Just recently I read that, sadly, the oldest person in Europe had passed away – Maria Giuseppa Robucci, from Apulia, Italy, was 116 years old and put her long life down to three things: a healthy diet, her faith, and the fact she didn’t drink. If that’s the criteria then I’m afraid both I, and a lot of people I know (particularly in this industry), should not start planning too far into the future.
However, statistically at least, there is now a much better chance of receiving that telegram from the Queen than ever before. Indeed, centenarians – according to the ONS – are the fastest growing age group; their numbers have almost doubled since 2002 and the chances of making that three-figure number are now much higher than ever before.
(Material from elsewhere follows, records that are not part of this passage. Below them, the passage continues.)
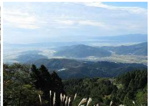
振り返ると、南に雲仙が霞んで望まれた。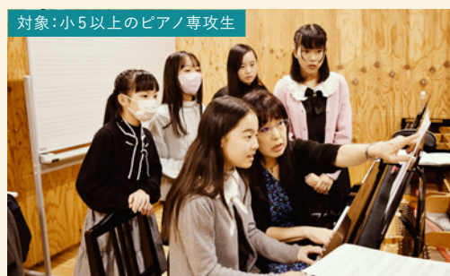
対象:小5以上のピアノ専攻生

ピアノは一人で多旋律や和声を奏でるといった特徴があります。旋律楽器専攻生がピアノに触れることによって、ハーモニー感や多くの音を多彩に聴く力を育てることを目的としています。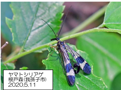
ヤマトシリアゲ 根戸森(我孫子市) 2020.5.11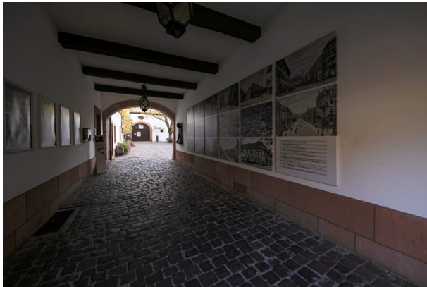
Gang zum Innenhof des Museums (Harald Kröher, 2018)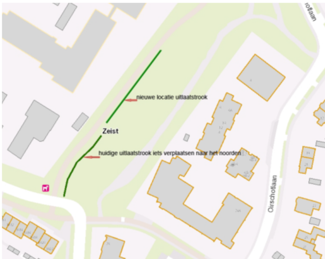
3. Beukbergen, de uitlaatstrook, zoals aangegeven op bijgevoegde tekening;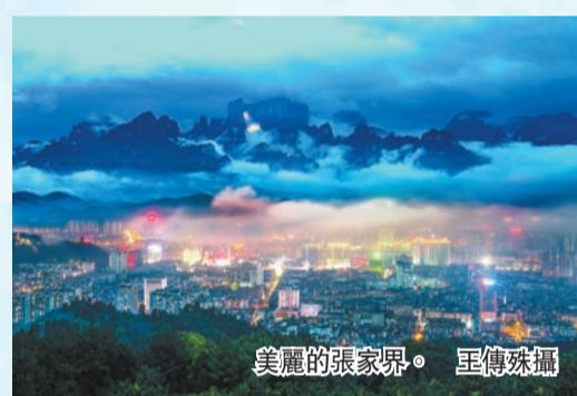
美麗的張家界。

柱」就是張家界山峯中的代表。這座山垂直高差達150米，彷彿刀削斧劈般屹立于天地之間。風靡全球的科幻電影《阿凡達》曾在此取景，這座山因此有了一個頗有國際性的名字——哈利路亞山。 張家界山中的另一代表是天門山，因自然奇觀天門洞而得名。天門洞懸掛在天門山海拔1300米的峭壁之上，洞外雲天相接處偶見霞光穿洞而出，猶如吉祥降臨人間。「天門山的美，對任何人都非常有吸引力。」在2022駐華外交官「發現湖南之旅」活動中，泰國駐華大使館大使阿塔育·習薩目這樣說。 而說到夜色，長沙無疑首屈一指。8月以來，湖南夜間休閒娛樂訂單環比增長10%，人流量最大的前三大商圈均來自長沙，分別為五一廣場、德思勤城市廣場和解放西路。 目前，湖南正大力實施全域旅遊戰略，着力打造「五張名片」，即以張家界等為代表的奇秀山水名片、以韶山等為代表的經典紅色名片、以長沙等為代表的城市文化和都市休閒名片、以南嶽衡山等為代表的歷史文化名片、以城頭山古文化遺址等為代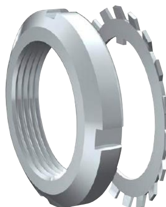
Porcas e Arruelas em Aço Inoxidável

Para qualquer item não listado no nosso catálogo, favor entrar em contato com nossa equipe de vendas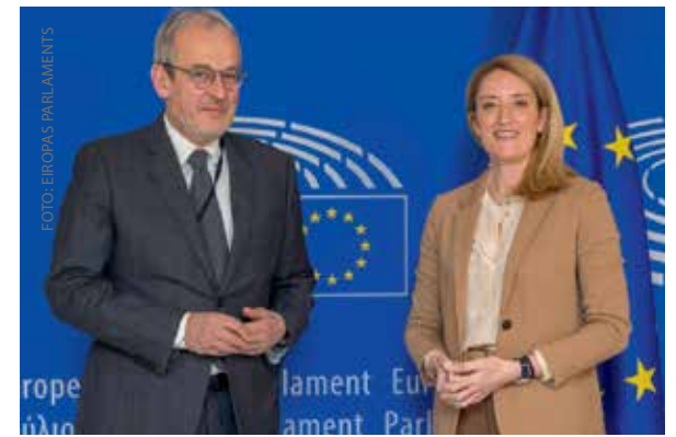
ROBERTS ZĪLE UN EIROPAS PARLAMENTA PRIEKŠSĒDĒTĀJA ROBERTA METSOLA

Klasisks instruments, ko inflācijas mazināšanai pie-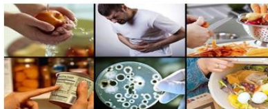
Adn40, R. (2020, 9 julio). Al año mueren 420 mil personas por alimentos contaminados: ONU . ADN40. https://www.adn40.mx/noticia/salud/notas/2019-06-08-06-00/al-ano-mueren-420-mil-personas-por-alimentos-contaminados-onu

Life expectancy rates for new-borns have continued to rise, although it’s important to recognise that the significant increase we have seen over the past three decades, might not continue for much longer. Again, recent data from the ONS suggests a boy born between 2014 and 2016 will make 79.2 years of age, while a girl would live to be 82.9. That however was only 0.1 years more than the figures for those born in 2013-15, and given the current trend, it may mean that those born in the future actually live less than those born before them.
However, overall, we are tending to live longer and that clearly has implications for our market and, particularly for lenders in terms of our criteria and the options we provide to borrowers. It’s also why we’re seeing the growth of equity release and later life lending options such as RIO mortgages, because of a shift away from the traditional age-related notions of holding a mortgage.
In other words, while previous generations might have looked to have cleared their mortgage by the time they reached retirement age, now – not only is there no clearly-defined retirement age – but the chances of a borrower moving past that age and still having a mortgage are far greater. Add in the greater number of commitments that come in later life, plus a lack of pension provision, calls upon the Bank of Mum & Dad, funding of social care, higher standards of living, etc – and you can see why the later life lending market is perceived to be one of the big ‘boom’ markets over the next decade and beyond.
That shift in the, predominantly, residential space is also being mirrored in the buy-to-let sector, and of course in a very true way it is tied up with the issues facing those moving into retirement, and the use of property as part of the pension plan. Now, it’s much more likely for landlords to hold properties into their retirement, and for them to use their properties to supplement their later life income.
For that reason, lenders like ourselves have needed to shift criteria in order to reflect these changes. Just recently we increased the maximum age for the borrower at the term of the mortgage to 95 years old because we recognise that our landlords – who may be in their 70s – still want to continue to be active in the private rental sector and that as long as they can meet the criteria and affordability, then there is no reason why they couldn’t hold that mortgage up, and into, their 90s.
When it comes to being a successful landlord, then it’s fair to say that ‘age ain’t nothing but a number’ because the fundamentals do not change, regardless of how old the landlord might be. That sort of thinking also led us to drop the minimum primary applicant age for our mortgages down to 21 years old from 25, because it’s important to recognise that anyone, of pretty much any age, may be able to tap into the opportunity to make a success of buy-to-let.
It would seem that those in later life are now much more likely to be comfortable with mortgage debt, either residential or buy-to-let, and as long as they can fit lenders’ stress-testing and affordability constraints, then we (as a community) should be able to offer them lending options. In that sense, this is truly a growth area for advisers and one that is likely to present further opportunity – after all, none of us are getting any younger.